The list of immune-related transcripts shown to be expressed by at least one in vitro DC model additionally demonstrated a set of genes that were expressed by the entire set of DC types investigated. These include C-type lectin domain family (CLEC) member 2b and CLEC4a/DCIR, Fc epsilon RI gamma-chain (FCER1G), Fc fragment of IgG receptor transporter (FCGRT), IL10RA, IL13RA1, IL6ST, colony-stimulating factor beta-chain (CSF2RB), Galectin 1 (LGALS1), prostaglandin E receptor 4 (PTGER4), tumor necrosis factor receptor superfamily, member 1A (TNFRSF1A), CD103, CD29, CD44, CD46, CD47, CD52, CD53, CD63, CD71, CD74, CD79A, CD81, CD83, CD164, chemokine-like factor (CKLF), chemokine (C-X-C motif) receptor 4 (CXCR4), intercellular adhesion molecule 3 (ICAM3), selectin P ligand (SELPLG), lectin mannose-binding (LMAN) 1 and LMAN2, and mannose-6-phosphate receptor (M6PR). Thus, functional assays dependent on these specific genes may be based on any of the in vitro DC models. For example, activation of DCIR can be assumed to have an inhibitory effect in all DC subsets [48], [49]. However, different types of DCs may be differentially affected dependent on responsiveness to the specific stimuli used; i.e. the effect of TLR8-stimulation is inhibited by DCIR triggering in mDCs, whereas TLR9-stimulation of pDCs is affected. Furthermore, the expression of PTGER4 by all DC types indicates responsiveness by all models and primary DCs to prostaglandin E2, which is shown to promote induction of Th2 responses by DCs [50], [51]. Also, CD81 was expressed by the entire set of DC types investigated, and as CD81 has been shown to be involved in DC migration [52], each DC model investigated can be predicted to have appropriate CD81-mediated motility. CD83 is a maturation marker that is pre-formed in immature DCs [53], and the expression of CD83 by all DC types investigated suggests that each DC model shares the capacity of primary DCs to express surface CD83 upon maturation and thereby enhance T-cell stimulation [54].

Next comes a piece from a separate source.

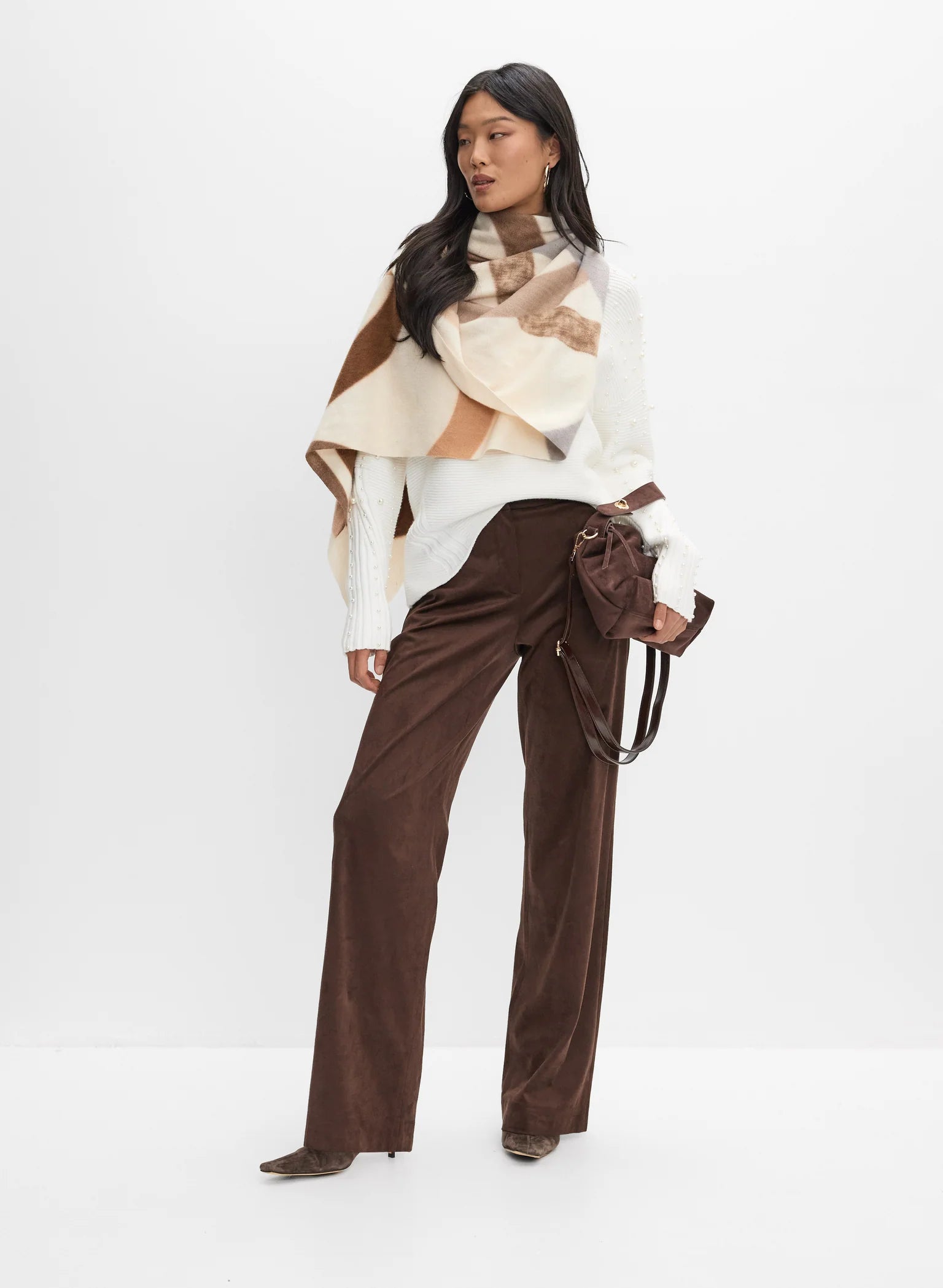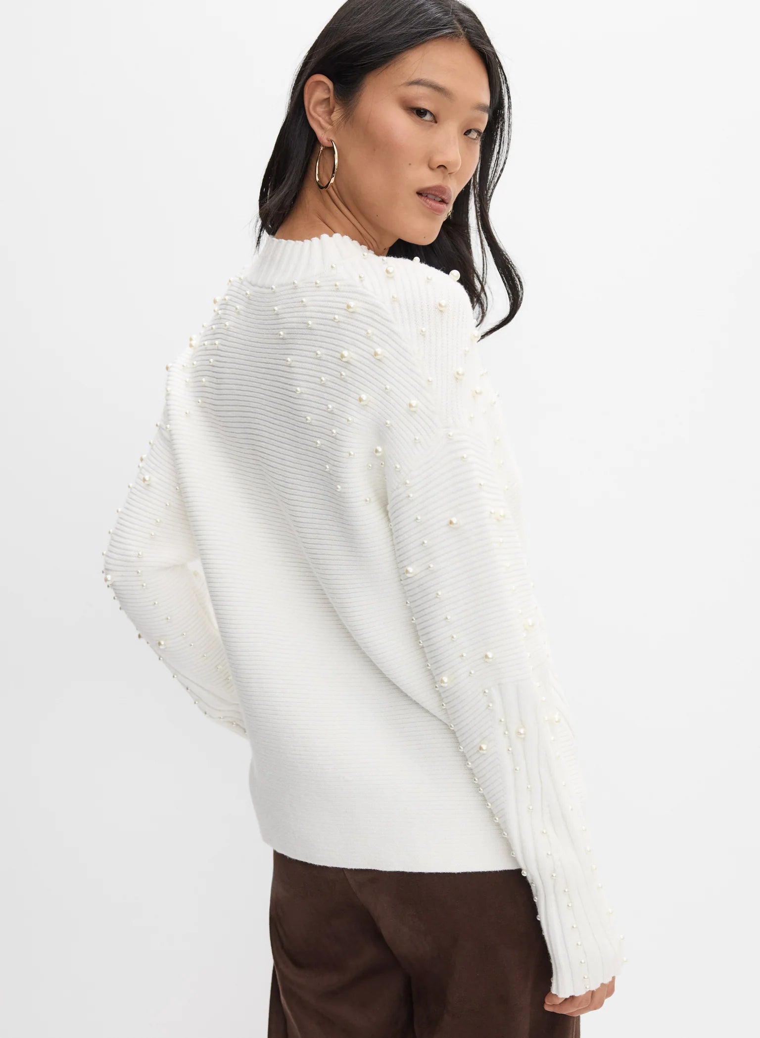 Add a touch of elegance to your winter collection with our pearl-embellished tunic-style sweater. Designed for both comfort and sophistication, it pairs beautifully with faux suede pants or tailored trousers for a polished, modern look.

Overall, the presented overview indicates that differences among model DCs can be expected e.g. in studies dependent on antigen-receptor expression, responsiveness to certain stimuli, ability to activate T-cells and ability to migrate towards specific chemokines. Selection of a DC model for use in co-cultures will be difficult as conditions are more complex compared to single cell cultures, and to a large extent undefined. Furthermore, although the transcriptional profiles of DC samples demonstrated differential expression of many soluble mediators, such as tumor necrosis factor (TNF), IL8, IL16, and IL6, specific triggers may be required to induce their secretion. Therefore, functional outcomes related to these transcripts are difficult to predict. Nevertheless, data presented herein gives important indications on functional distinctions among in vitro DC models and also their resemblance to specific ex vivo DC populations at steady-state conditions. Furthermore, the results can guide investigations of mechanisms underlying functional behavior.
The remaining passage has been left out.